B. QM Plan. The program director shall develop and, at least every 3 years, review a written QM plan that:
(1) Provides for an internal, ongoing quality performance evaluation process that describes the:
(a) Program goals; and
(b) Mechanisms, including staff responsible and resources available, for implementing the QM process;
(2) Is oriented to the individuals served and emphasizes recovery, collaboration, continuity of care, accessibility, accountability, and efficiency;
(3) Includes a system to evaluate:
(a) Quality of care and services rendered to individuals;
(b) Staff performance in the provision of the services;
(c) Staff competencies; and
(d) Appropriateness of the program's:
(i) Services, including accessibility and hours of operation;
(ii) Staff; and
(iii) If the program provides services in a facility, physical plant, and environment;
(4) Includes a process for the adequate collection of data in order to identify problems; and
(5) In order for staff to implement actions to correct deviations from the program's established standards, identifies a plan that:
(a) Is based on:
(i) The data collected under §B(4) of this regulation;
(ii) Input from staff and individuals served;
(iii) A review of the program's outcomes; and
(iv) Current trends in efficient and effective treatment and services;
(b) Is consistent with the program model and the specialized needs of those served; and
(c) Provides for ongoing internal review of the program, including monitoring for effectiveness of changes incorporated.

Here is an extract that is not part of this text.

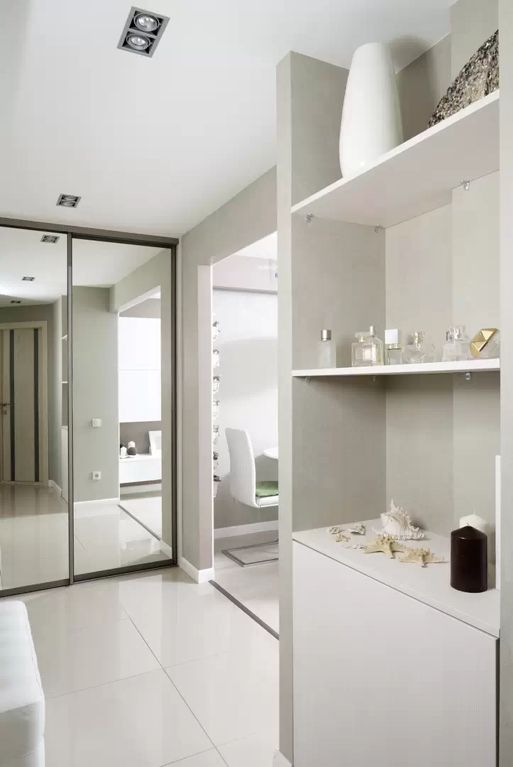 Решили между прихожей и комнатой не устанавливать дверь и оставить большой проём, чтобы визуально расширить пространство. У входа разместили зеркальный шкаф-купе, на двух соседних стенах организовали неглубокие открытые и закрытые полки.

C. Risk Management (RM). The program director shall develop and, at least every 3 years, review a written RM plan, which may be a component of the QM plan, that:
(1) Includes policies and procedures for critical incidents, including:
(a) Suicides; and
(b) Unfavorable service-related outcomes, including discharges that are not mutually agreed upon;
(2) Includes a mechanism by which the program director reports:
(a) An allegation of mental, physical, or sexual abuse or neglect of an individual, as provided under Health-General Article, §10-705, and Family Law Article, Title 5, Subtitle 7, and Title 14, Annotated Code of Maryland; and
(b) The death of an individual, as outlined in Regulation .13 of this chapter; and
(3) Tracks and evaluates incidents reported under §C(1) and (2) of this regulation and complaints filed under Regulation .16 of this chapter to determine trends.

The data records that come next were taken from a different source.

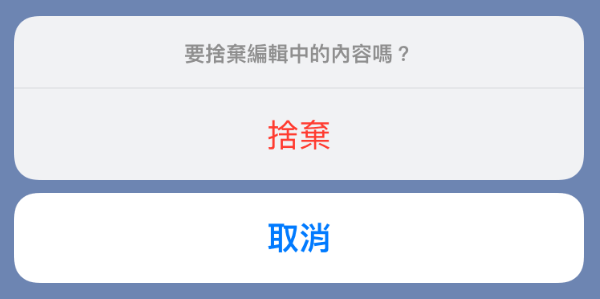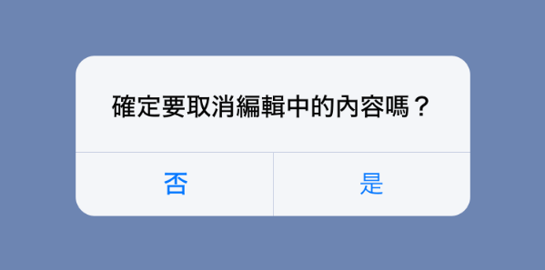 問句確定要取消編輯中的內(nèi)容嗎?確認是否要舍棄編輯中的內(nèi)容(兩個選項)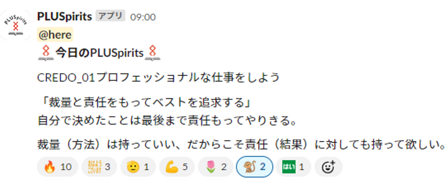 Credoを示した言葉がランダムに、毎朝9時にチャットツール上で配信されています。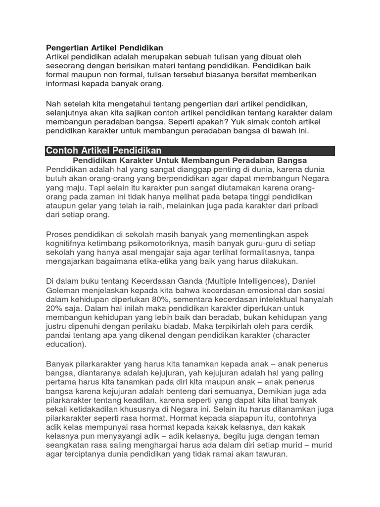 Contoh artikel pendidikan karakter. Tetapi di sini akan memberikan contoh artikel dengan 3 pembahasan tersebut. Pendidikan adalah hal yang sangat dianggap penting di dunia karena dunia butuh akan orang orang yang berpendidikan agar dapat membangun negara yang maju. Hal tersebut memerlukan upaya terus menerus dan refleksi mendalam untuk membuat rentetan keputusan moral yang harus ditindak lanjuti dengan aksi nyata sehingga menjadi hal yang praktis dan reflektif. Sebenarnya ada banyak pembahasan yang bisa ditulis dalam suatu artikel. Selanjutnya adalah contoh contoh artikel. Artikel pendidikan karakter anak usia dini pendidikan usaha pada oleh sebab itu kita sebagai orang tua hendaknya memanfaatkan masa emas anak buat memberikan pendidikan karakter yang baik bagi anak.

D. Program Service Outcomes. The program director shall:
(1) Comply with the outcome reporting requirements as determined by the Administration;
(2) Report data when required and as specified by the Administration;
(3) Conduct and analyze the results of an annual satisfaction survey of the program's consumers;
(4) Develop a process to inform the individuals served of the program's service outcomes; and
(5) Make programmatic changes as appropriate.